**Aim of the task:**
Reproduce each line of the material exactly, minus any picture.

**The data:**
________________

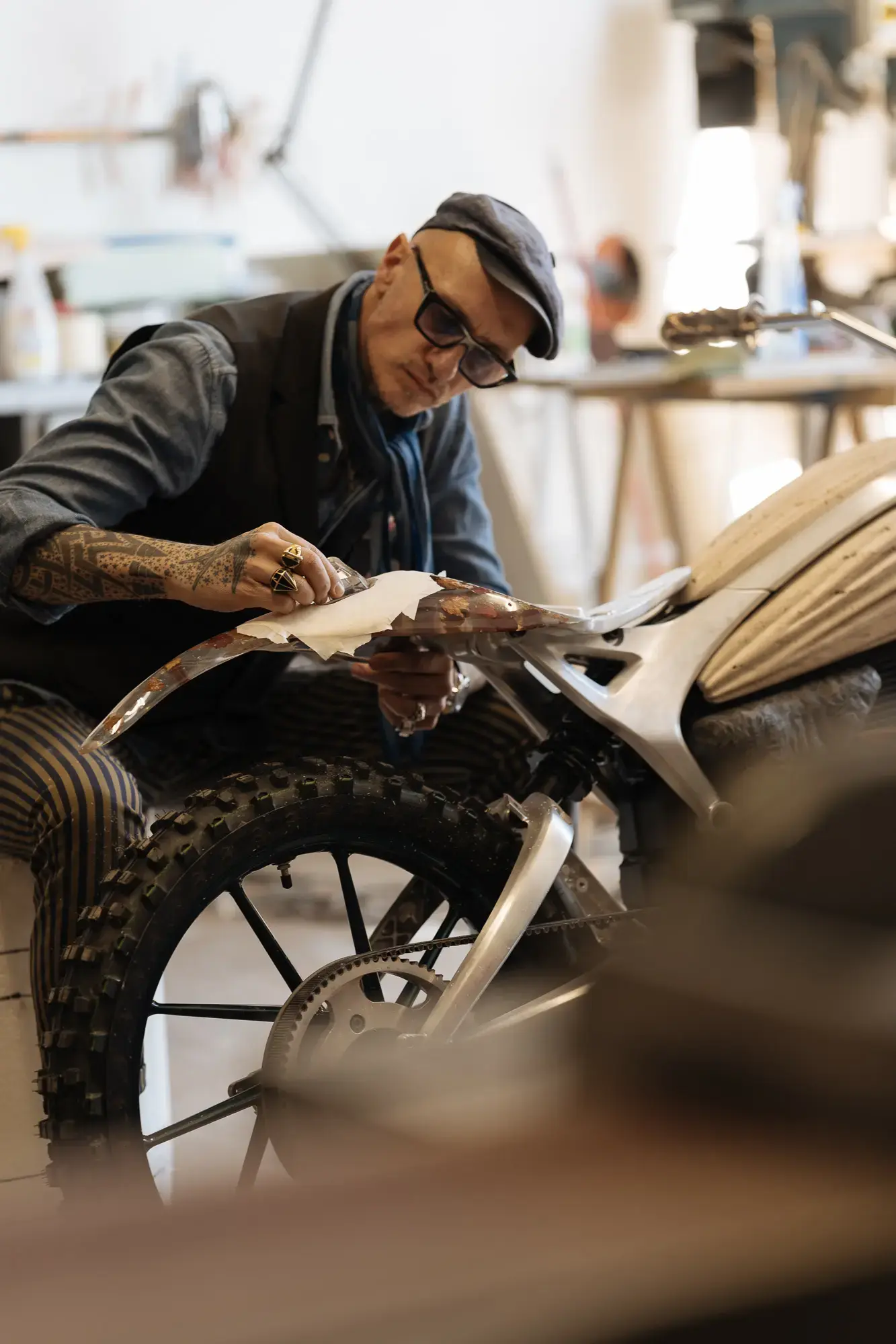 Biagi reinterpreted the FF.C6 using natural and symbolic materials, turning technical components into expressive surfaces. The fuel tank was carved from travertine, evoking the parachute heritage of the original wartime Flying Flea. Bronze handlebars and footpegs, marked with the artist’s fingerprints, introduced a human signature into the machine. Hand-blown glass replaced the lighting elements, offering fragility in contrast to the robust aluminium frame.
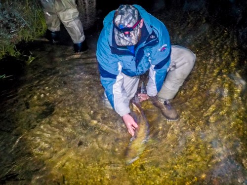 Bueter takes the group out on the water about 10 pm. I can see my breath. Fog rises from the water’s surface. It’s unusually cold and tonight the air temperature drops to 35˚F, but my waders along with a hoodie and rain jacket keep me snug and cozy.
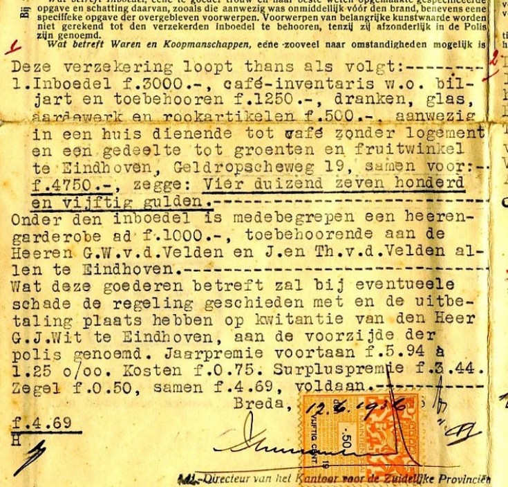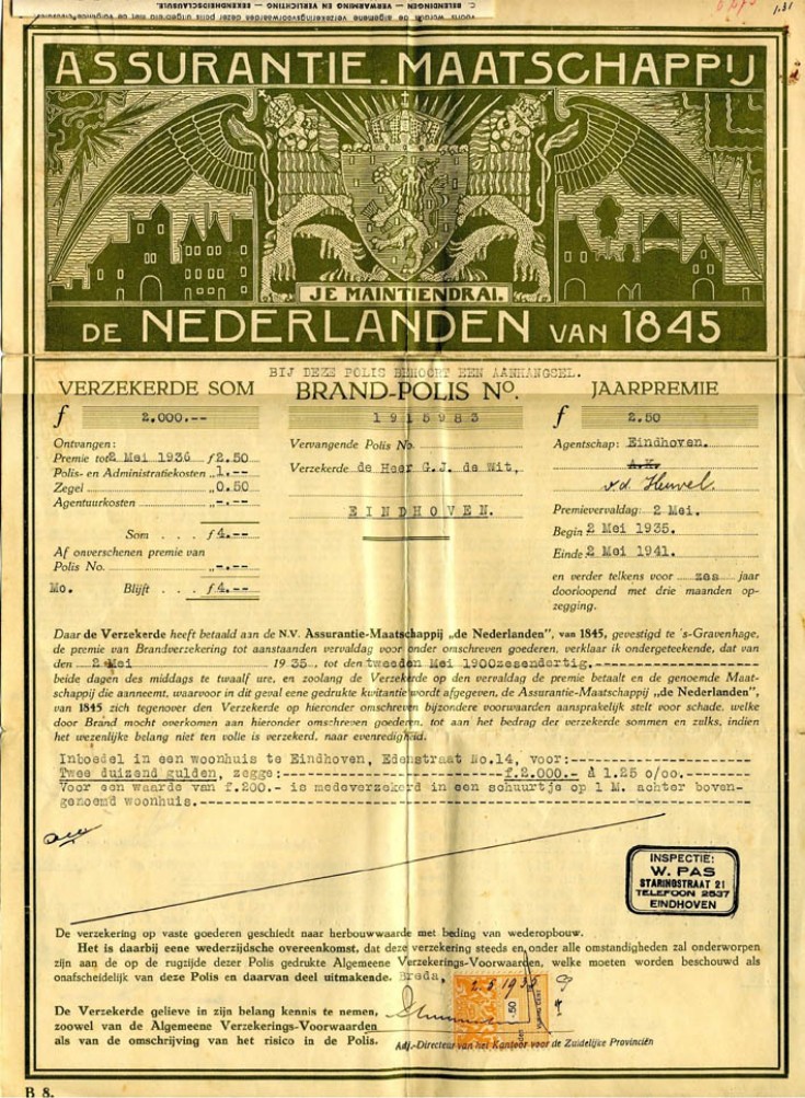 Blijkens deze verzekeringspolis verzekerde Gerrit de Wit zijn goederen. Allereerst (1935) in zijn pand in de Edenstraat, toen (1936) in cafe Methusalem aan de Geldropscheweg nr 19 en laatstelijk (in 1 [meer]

________________

**Result of this task:**
 Biagi reinterpreted the FF.C6 using natural and symbolic materials, turning technical components into expressive surfaces. The fuel tank was carved from travertine, evoking the parachute heritage of the original wartime Flying Flea. Bronze handlebars and footpegs, marked with the artist’s fingerprints, introduced a human signature into the machine. Hand-blown glass replaced the lighting elements, offering fragility in contrast to the robust aluminium frame.
 Bueter takes the group out on the water about 10 pm. I can see my breath. Fog rises from the water’s surface. It’s unusually cold and tonight the air temperature drops to 35˚F, but my waders along with a hoodie and rain jacket keep me snug and cozy.
 Blijkens deze verzekeringspolis verzekerde Gerrit de Wit zijn goederen. Allereerst (1935) in zijn pand in de Edenstraat, toen (1936) in cafe Methusalem aan de Geldropscheweg nr 19 en laatstelijk (in 1 [meer]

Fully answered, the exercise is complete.